Thursday, October 3, 2024

Jimmy Carter And "Stagflation"

Former U.S. President Jimmy Carter is the only president to live to 100. He was the president during the Iranian Revolution and Hostage Crisis, which is widely seen as ruining his chances for reelection. To remember him, and the notorious "stagflation" that I see him as getting unfairly blamed for, let's start with the Gold Standard.

Have you ever wondered why America never seems to have to worry about maintaining the value of it's currency? In 2022 we saw Russia prop up the value of the rouble by insisting that payment for hydrocarbon fuels be made in roubles, which maintained demand for the currency. The Bank of England later took action to prop up the pound. The value of a currency, unless it is "pegged" to something, operates by supply and demand.

Near the end of the Second World War, in the Bretton Woods agreement of 1944, America took advantage of it's position on the winning side and as the only major nation not seriously damaged by the war, to get the dollar as the world's reserve currency. This ensured that there would always be demand for U.S. dollars and thus there would never be concern about propping up the dollar's value.
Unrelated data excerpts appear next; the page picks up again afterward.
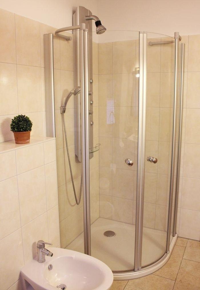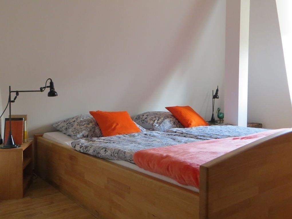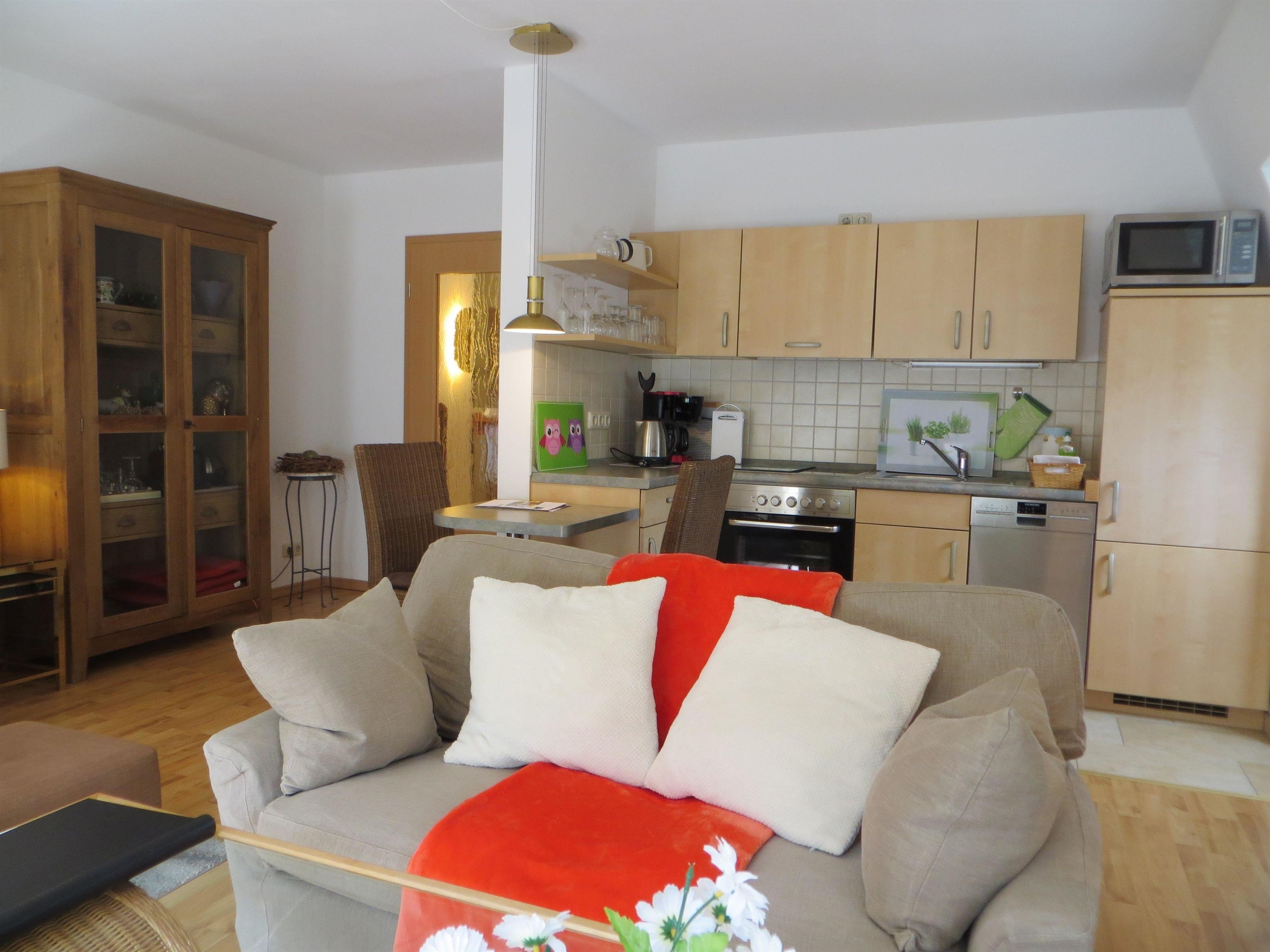 Die Wohnung befindet sich im Obergeschoss, ist ca. 60 Quadratmeter groß und hat ein Badezimmer, ein Schlafzimmer und ein Wohnzimmer mit integrierter Küche. Es besteht die Möglichkeit, dass noch zwei weitere Personen auf einem großen Bettsofa im Wohnzimmer übernachten können.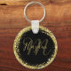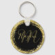 Glamourous Gold Glitter Monogram Name Black Key Ring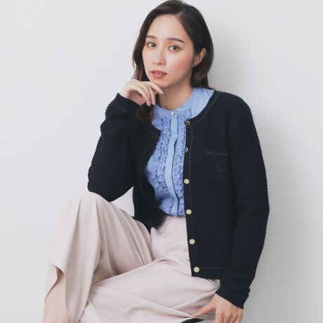 コットンカノコに胸元のエンブレム刺繍が映えるカーディガン
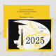Uma silhueta de uma moça no boné e no vestido. Designs florais são usadas em segundo plano. O fundo tem um fundo amarelo com letras negras para os anúncios de graduação.
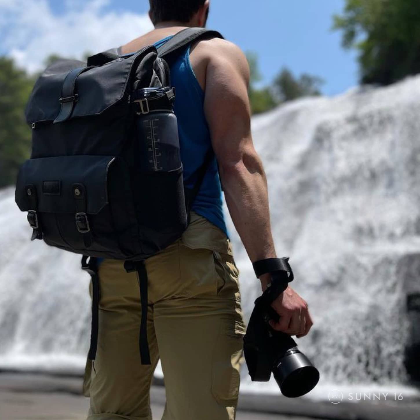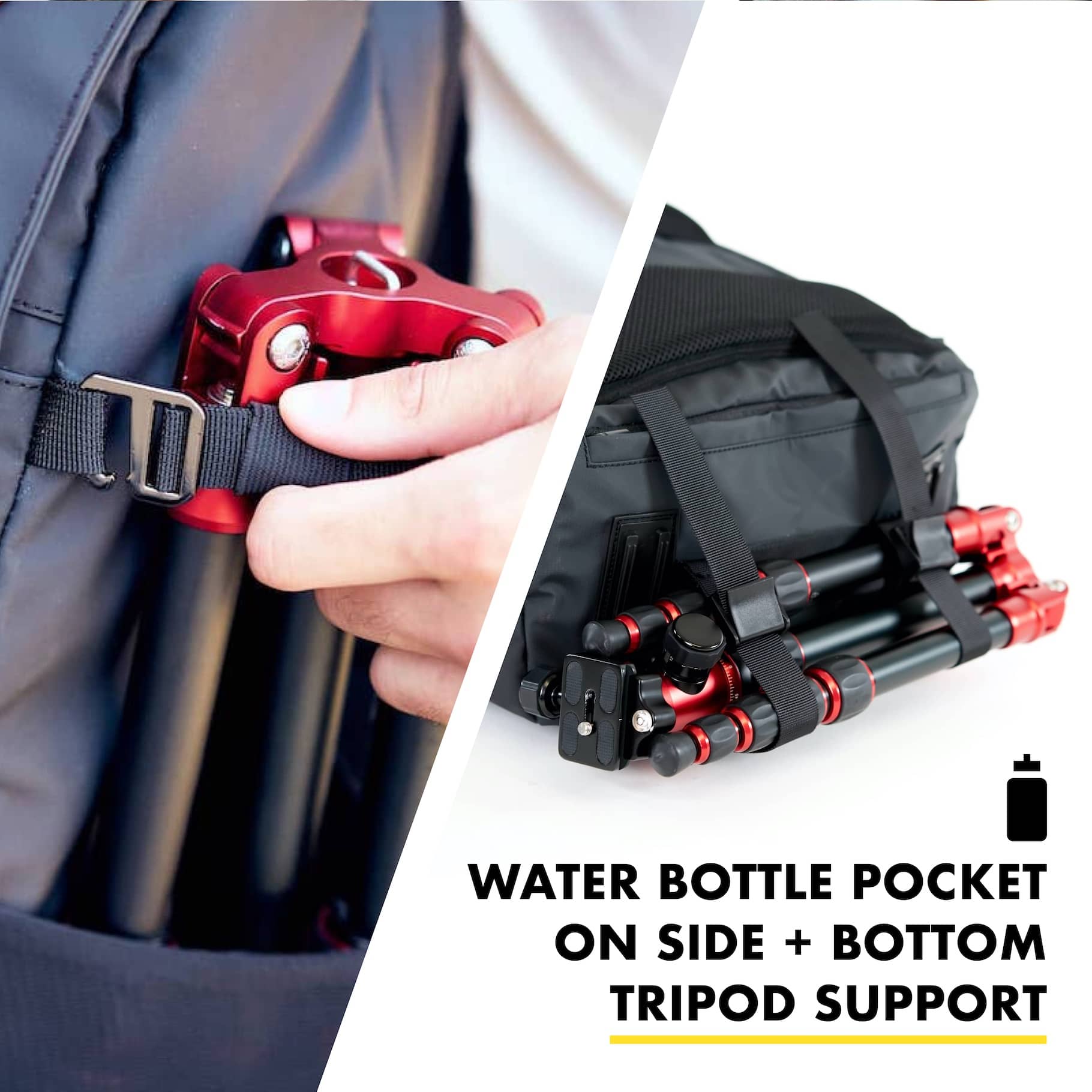 Strap your tripod on the side of your backpack, or on the bottom. Use our buckle hardware to securely fasten it.

The Bretton Woods agreement also meant convertibility of the dollar into gold. The Gold Standard is a system that is no longer used by any country in the world. The Gold Standard is the idea of basing a country's money on gold in order to provide currency stability. This used to be done by either actually making coins out of gold or, more often, issuing paper currency notes that are defined in value as being equivalent to a given quantity of gold. The notes may or may not be redeemable in gold on demand.

When a country begins printing money, particularly if it is a new country that came into being by fiat or upheaval, there may not be a lot of confidence in it's money. Backing the currency with gold provides the confidence that is necessary for the functioning of the economy. Backing a currency with gold also provides currency stability in troubled times, limiting any swings in value. If we want to virtually eliminate inflation, all we have to do is to peg the currency to gold.
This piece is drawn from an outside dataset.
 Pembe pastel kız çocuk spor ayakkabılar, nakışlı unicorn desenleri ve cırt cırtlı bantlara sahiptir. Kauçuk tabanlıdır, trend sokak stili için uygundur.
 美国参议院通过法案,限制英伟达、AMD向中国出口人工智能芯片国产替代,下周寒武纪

But the Gold Standard also has disadvantages. It limits the power of a government to stimulate the economy by manipulating the currency supply. If all currency issued has to be backed by actual gold, the government cannot just print money as it sees fit. The Gold Standard did not prevent the 1929 crash and Great Depression that followed, and it is no secret that countries that were on the Gold Standard at the time, including the U.S., took longer to recover from the crash than those that were not on it. The Gold Standard presumes that the price of gold itself is ideally stable which, of course, it isn't.
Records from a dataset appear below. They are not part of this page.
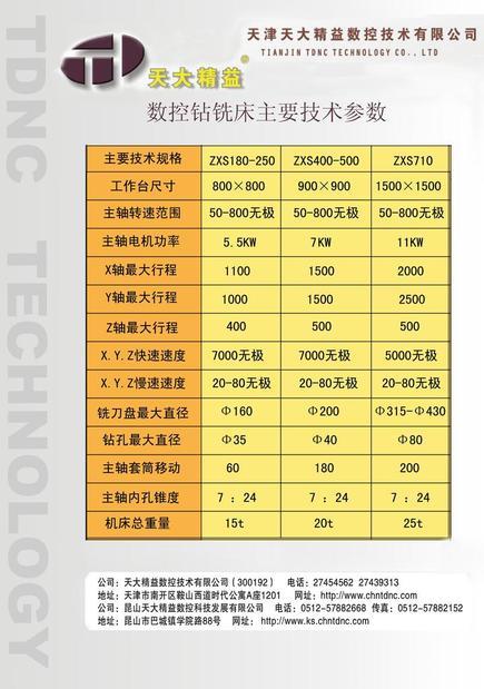 數(shù)控鉆銑床參數(shù)ZXS180-250/ZXS400-500/ZXS710
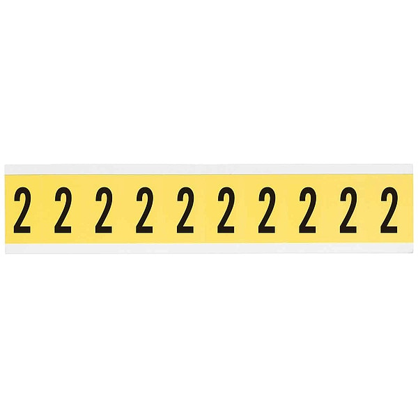 Number Label, Adhesive Type Removable and Repositionable Adhesive, Application General Identification, Wire and Cable Labeling, APWA Compliant Color No, Background Color Yellow, Character Color Black, Character Color Gradient Solid Color, Character Height 1 in, Character Outline Color Not Applicable, Character Type Numbers, Characters Included 2, Die Cut Yes, Embossed No, Font Gothic, Includes (10) Labels, Indoor/Outdoor Usage Indoor Only, Letter Casing Uppercase, Material Vinyl Cloth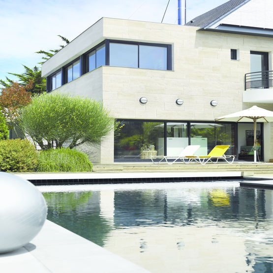 Brécy propose une gamme d'éléments architecturaux à appareiller façon pierre de taille, en intérieur ou en extérieur. La collection en pierre reconstituée de 2 cm d'épaisseur se décline en pierre de parement, chaîne d'angle, linteau de plusieurs dimensions et appui de fenêtre. Les produits sont teintés dans la masse et hydrofugés dans l'épaisseur. La mise en œuvre est facile : on pose par simple (intérieur) ou double (extérieur) encollage sur support maçonné.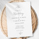 O design de casamento preto e branco elegante apresenta caligrafia moderna e uma bela fonte serifada clássica em preto sofisticado sobre um fundo branco crocante. A composição tradicional fresca é adornada com folhas botânicas decorativas. O design sem bordas permite que você escolha facilmente a forma do papel e personalize ainda mais seu convite. Envie um e-mail para suitesdeconvites@gmail.com com perguntas ou solicitações de cores personalizadas.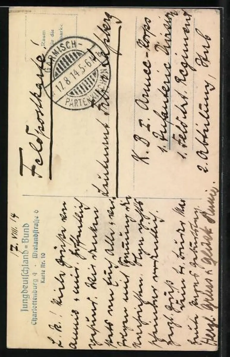 gelaufen 1914, Eckknick li. unten, guter Zustand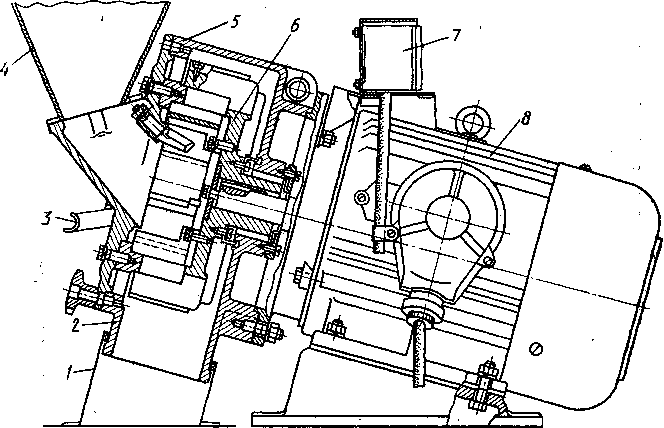 Рис.2.3. Мелотерка СО-53А: 1 - ротор, 2 - статор, 3 - крышка, 4 - воронка, 5-скребок, 6 - корпус, 7 - электродвигатель, 8 - плита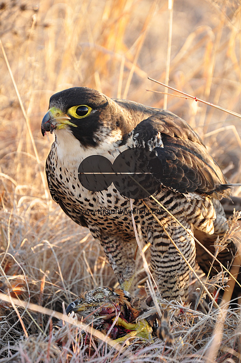 A female peregrine falcon (Falco Peregrinus) with its prey. Also known as the Peregrine, Peregrines are found nearly everywhere on earth, except extreme polar regions, very high mountains, and most tropical rainforests. They can reach speeds over 365 km/h (200 mph) in a dive, making them the fastest animal in the world. Trained falcons are used in falconry or hawking, a sport in which birds of prey are used to hunt or catch game. Falconry is over 4000 years old and has had a rich history throughout the ages from the ancient Chinese to the Egyptians and even European Royalty. Free State, South Africa. 13.07.2009.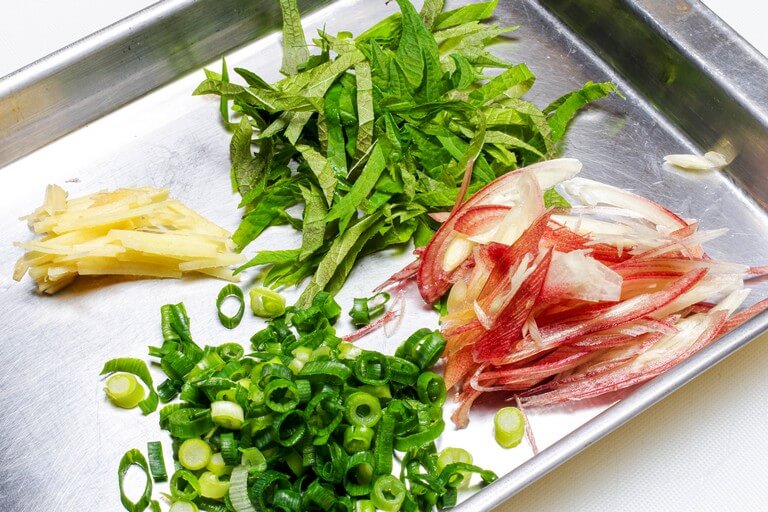 ・つま(大根の千切り、トサカノリ(赤トサカ、青トサカ)など適量)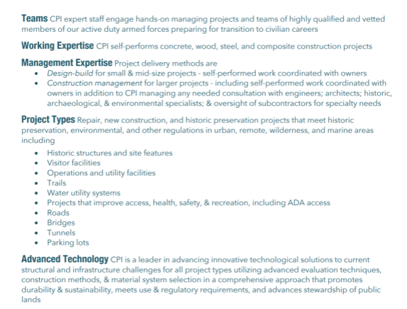 construction projects/military veteran engagement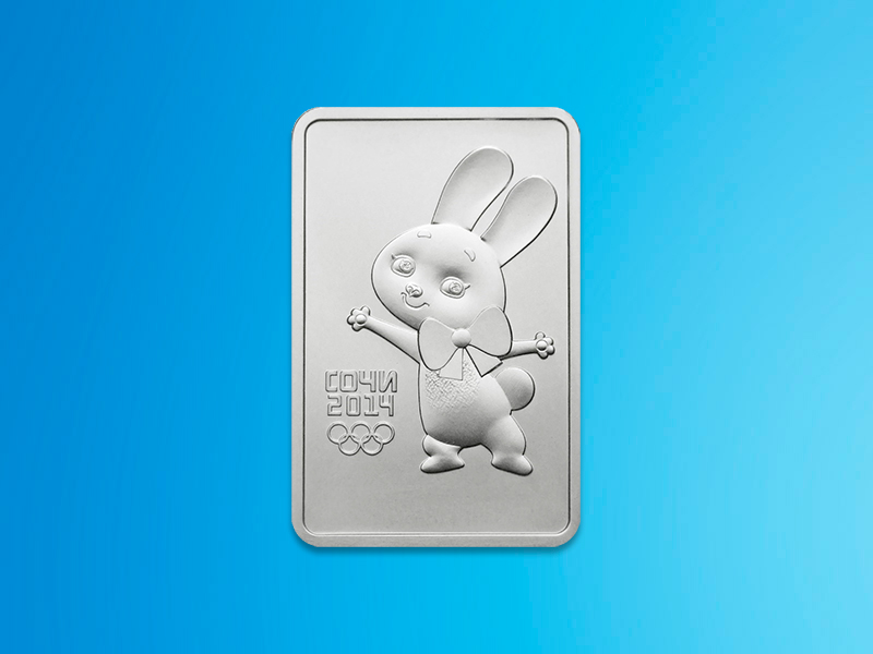 Серебряная монета 3 рубля Зайка серии «XXII Олимпийские зимние игры 2014 г. в Сочи» с изображением одного из талисманов Олимпийских игр в Сочи выпущена Банком РФ 3 декабря 2013 года. Монета прямоугольной формы с закругленными углами.

If the U.S. was on the Gold Standard today, the so-called quantitative easing done by the Federal Reserve Bank to bring about recovery from the crash of 2008 and the Great Recession would not have been possible. This refers to the government putting money into the economy by the purchasing of bonds to keep interest rates low by increasing the money supply so that business can more easily get loans to start or expand.

The Bretton Woods agreement of 1944 was to set up the postwar international economic structure by pegging various national currencies to the U.S. dollar, which was pegged to gold. This got the postwar world on track until the arrangement became outdated and countries began leaving it. 

In a landmark event, known as the "Nixon Shock", U.S. president Richard Nixon took the dollar off the Gold Standard on August 15, 1971, this effectively ended Bretton Woods and today no nation uses the Gold Standard. But the U.S. dollar still has the momentum of being the world's reserve currency.

Next, let's have a look at former U.S. president, Jimmy Carter.

Jimmy Carter, elected in 1976, was a Democrat and had nothing to do with the Gold Standard because Nixon had taken the dollar off it in 1971 and his vice president and successor, Gerald Ford, had redefined the dollar with gold not being part of the definition.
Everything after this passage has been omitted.